---- Supplied information
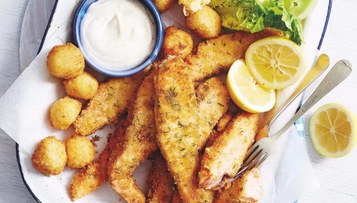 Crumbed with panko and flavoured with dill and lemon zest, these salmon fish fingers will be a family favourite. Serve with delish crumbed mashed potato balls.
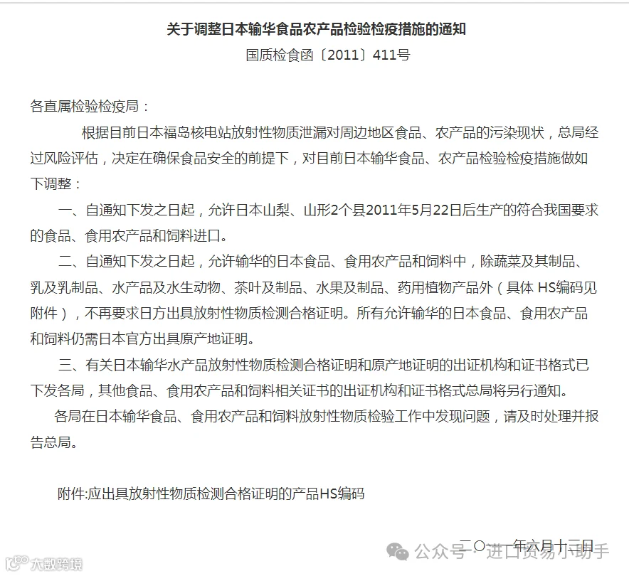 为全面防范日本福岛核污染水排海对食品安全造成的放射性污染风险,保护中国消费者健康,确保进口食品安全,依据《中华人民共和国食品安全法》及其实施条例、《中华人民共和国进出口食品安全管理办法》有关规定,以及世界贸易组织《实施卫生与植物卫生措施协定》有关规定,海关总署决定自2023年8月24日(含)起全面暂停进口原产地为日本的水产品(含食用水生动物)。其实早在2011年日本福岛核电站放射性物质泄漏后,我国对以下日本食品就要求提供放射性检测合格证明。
--------
---- Supplied information
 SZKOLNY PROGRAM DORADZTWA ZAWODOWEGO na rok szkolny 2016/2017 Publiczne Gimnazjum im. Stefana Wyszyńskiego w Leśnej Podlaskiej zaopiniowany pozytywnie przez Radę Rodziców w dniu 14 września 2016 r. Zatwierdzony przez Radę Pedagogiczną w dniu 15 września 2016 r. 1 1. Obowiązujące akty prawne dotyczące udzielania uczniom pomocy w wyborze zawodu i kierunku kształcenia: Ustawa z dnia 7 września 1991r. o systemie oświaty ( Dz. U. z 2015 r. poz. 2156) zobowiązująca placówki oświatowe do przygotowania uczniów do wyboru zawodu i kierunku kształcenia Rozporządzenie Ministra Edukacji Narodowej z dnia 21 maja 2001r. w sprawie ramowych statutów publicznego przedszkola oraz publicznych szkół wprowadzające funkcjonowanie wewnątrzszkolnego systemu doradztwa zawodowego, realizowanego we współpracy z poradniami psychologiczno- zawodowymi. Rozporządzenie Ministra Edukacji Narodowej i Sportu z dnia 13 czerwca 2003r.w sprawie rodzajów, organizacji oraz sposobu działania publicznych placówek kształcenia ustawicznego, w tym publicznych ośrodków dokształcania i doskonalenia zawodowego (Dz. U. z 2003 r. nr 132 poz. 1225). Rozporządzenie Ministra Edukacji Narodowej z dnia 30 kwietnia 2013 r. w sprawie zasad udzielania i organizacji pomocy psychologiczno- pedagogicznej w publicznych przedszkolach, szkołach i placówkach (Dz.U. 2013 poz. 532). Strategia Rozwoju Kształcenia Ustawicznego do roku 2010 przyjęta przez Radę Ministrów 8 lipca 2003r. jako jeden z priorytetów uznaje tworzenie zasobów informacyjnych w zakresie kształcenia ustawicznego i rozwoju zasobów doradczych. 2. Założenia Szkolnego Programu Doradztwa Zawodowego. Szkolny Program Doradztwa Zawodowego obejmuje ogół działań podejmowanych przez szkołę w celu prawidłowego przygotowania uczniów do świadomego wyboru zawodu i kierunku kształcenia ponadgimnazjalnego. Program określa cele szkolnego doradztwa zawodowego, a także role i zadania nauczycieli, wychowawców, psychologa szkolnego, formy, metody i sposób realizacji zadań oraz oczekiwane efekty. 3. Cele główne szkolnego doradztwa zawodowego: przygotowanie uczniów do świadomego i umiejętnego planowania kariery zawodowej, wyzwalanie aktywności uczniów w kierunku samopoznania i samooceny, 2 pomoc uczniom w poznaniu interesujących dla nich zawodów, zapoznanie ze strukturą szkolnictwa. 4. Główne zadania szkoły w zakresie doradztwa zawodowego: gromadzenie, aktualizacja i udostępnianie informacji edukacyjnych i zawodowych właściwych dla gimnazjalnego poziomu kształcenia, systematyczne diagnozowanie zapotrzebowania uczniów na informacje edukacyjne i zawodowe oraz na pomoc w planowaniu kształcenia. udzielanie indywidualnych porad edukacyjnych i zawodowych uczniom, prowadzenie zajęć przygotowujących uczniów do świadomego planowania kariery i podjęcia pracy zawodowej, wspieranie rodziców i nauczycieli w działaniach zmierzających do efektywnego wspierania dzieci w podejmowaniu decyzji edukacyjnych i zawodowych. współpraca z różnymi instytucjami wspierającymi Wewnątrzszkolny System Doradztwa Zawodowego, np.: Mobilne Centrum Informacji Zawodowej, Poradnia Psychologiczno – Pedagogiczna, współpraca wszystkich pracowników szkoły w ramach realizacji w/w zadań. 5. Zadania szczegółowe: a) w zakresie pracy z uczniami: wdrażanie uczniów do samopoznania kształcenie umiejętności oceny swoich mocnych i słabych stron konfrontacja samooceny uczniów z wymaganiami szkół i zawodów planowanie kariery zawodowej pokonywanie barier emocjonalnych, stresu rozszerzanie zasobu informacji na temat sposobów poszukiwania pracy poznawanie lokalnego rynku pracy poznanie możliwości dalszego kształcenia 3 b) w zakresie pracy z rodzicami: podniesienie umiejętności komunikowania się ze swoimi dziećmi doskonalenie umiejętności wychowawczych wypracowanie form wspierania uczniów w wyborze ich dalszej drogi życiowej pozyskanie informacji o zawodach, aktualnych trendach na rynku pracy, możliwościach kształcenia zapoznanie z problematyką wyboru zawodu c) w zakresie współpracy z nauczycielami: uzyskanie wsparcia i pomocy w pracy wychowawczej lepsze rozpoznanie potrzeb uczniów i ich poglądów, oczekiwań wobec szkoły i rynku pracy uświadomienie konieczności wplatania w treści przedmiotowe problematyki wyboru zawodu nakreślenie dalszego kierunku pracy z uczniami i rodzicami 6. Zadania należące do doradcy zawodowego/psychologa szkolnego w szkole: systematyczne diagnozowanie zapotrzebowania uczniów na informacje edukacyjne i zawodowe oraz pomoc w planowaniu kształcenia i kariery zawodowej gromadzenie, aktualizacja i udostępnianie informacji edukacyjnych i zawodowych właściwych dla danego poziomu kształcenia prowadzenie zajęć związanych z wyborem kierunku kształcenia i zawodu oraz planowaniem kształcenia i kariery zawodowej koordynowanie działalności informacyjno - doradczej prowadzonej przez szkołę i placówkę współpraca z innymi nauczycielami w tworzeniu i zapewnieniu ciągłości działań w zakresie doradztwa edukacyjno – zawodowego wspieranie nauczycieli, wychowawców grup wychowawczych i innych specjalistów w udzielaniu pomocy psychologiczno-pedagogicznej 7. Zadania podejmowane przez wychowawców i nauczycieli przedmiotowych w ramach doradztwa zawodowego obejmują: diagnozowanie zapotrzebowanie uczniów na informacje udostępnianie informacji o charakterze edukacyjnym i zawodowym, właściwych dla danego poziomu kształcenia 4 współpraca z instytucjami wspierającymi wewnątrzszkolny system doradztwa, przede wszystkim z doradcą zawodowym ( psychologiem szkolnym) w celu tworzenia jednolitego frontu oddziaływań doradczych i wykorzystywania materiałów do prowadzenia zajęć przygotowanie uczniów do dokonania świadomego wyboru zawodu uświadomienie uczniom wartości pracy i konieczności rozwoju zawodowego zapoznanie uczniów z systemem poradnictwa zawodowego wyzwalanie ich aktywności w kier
--------
Transcribe the listing above exactly, but only from the line with "Crumbed with panko" through the line with "为全面防范日本福岛核污染水排". Include both of those lines and omit the pictures.

■ Result of the exercise
 Crumbed with panko and flavoured with dill and lemon zest, these salmon fish fingers will be a family favourite. Serve with delish crumbed mashed potato balls.
 为全面防范日本福岛核污染水排海对食品安全造成的放射性污染风险,保护中国消费者健康,确保进口食品安全,依据《中华人民共和国食品安全法》及其实施条例、《中华人民共和国进出口食品安全管理办法》有关规定,以及世界贸易组织《实施卫生与植物卫生措施协定》有关规定,海关总署决定自2023年8月24日(含)起全面暂停进口原产地为日本的水产品(含食用水生动物)。其实早在2011年日本福岛核电站放射性物质泄漏后,我国对以下日本食品就要求提供放射性检测合格证明。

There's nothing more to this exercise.